Always tell the truth
The essential components of success in a crisis, therefore, are to actively communicate, never speculate, and always tell the truth. Your public relations staff know that; they will need your support as year 2000 approaches.
Also, use multiple channels of communication during a crisis. You can use the media to get your message out. Many of the major trade publications and metro newspapers are going to do extraordinary jobs because they take the time to understand the issues.
At the same time, you should never totally rely on the news media to spread your story. You need redundant communication systems that can move large volumes of information accessible to your most important constituents. This includes broadcast faxing to prepared lists. A crisis communications expert also can show you how to use advertisements, Web sites, and hotlines to communicate your unfiltered message. The important thing is to do — not just say — the things that your stakeholders expect you to do.
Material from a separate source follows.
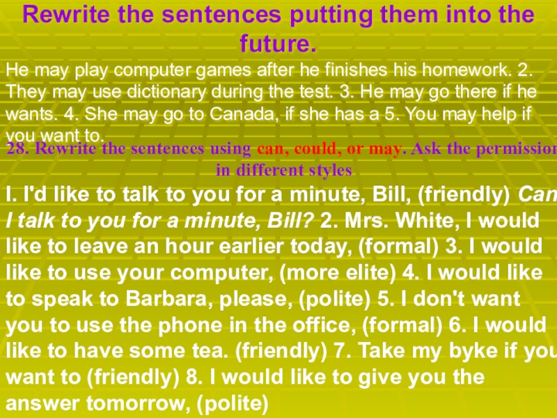 28. Rewrite the sentences using can, could, or may. Ask the permission in different styles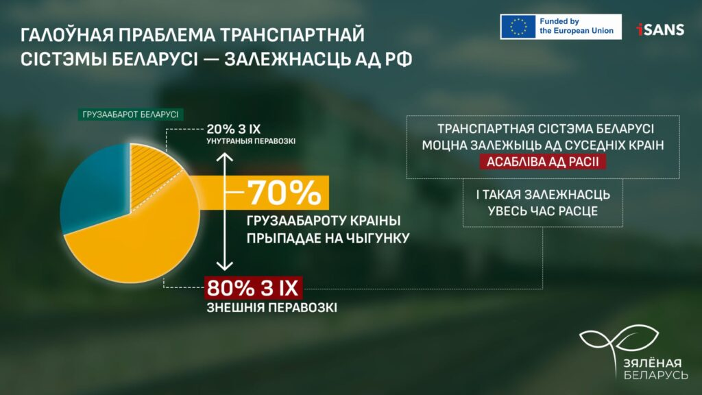 Галоўная праблема транспартнай сістэмы Беларусі сёння — празмерная залежнасць ад аднаго напрамку і адсутнасць альтэрнатыў. 70 % грузаабароту краіны прыпадае на чыгунку, пры гэтым толькі 20 % ад гэтага аб’ёму — унутраныя перавозкі. Гэта значыць, што сістэма моцна залежыць ад суседніх краін, асабліва ад Расіі. Такая залежнасць увесь час расце.

In summary, your health care organization can maintain its positive reputation during Y2K by behaving in a way that people expect. You must care, take action, prevent recurrence of the problem, be accountable and responsible, and be a part of the solution. And above all, remember to tell the truth.
(Editor’s note: Ronald Hanser is a member of the Rx2000 speaker’s bureau, a service provided by the Rx2000 Solutions Institute in Minneapolis. The institute is a nonprofit, member-supported organization helping the U.S. health care system prepare for the year 2000.)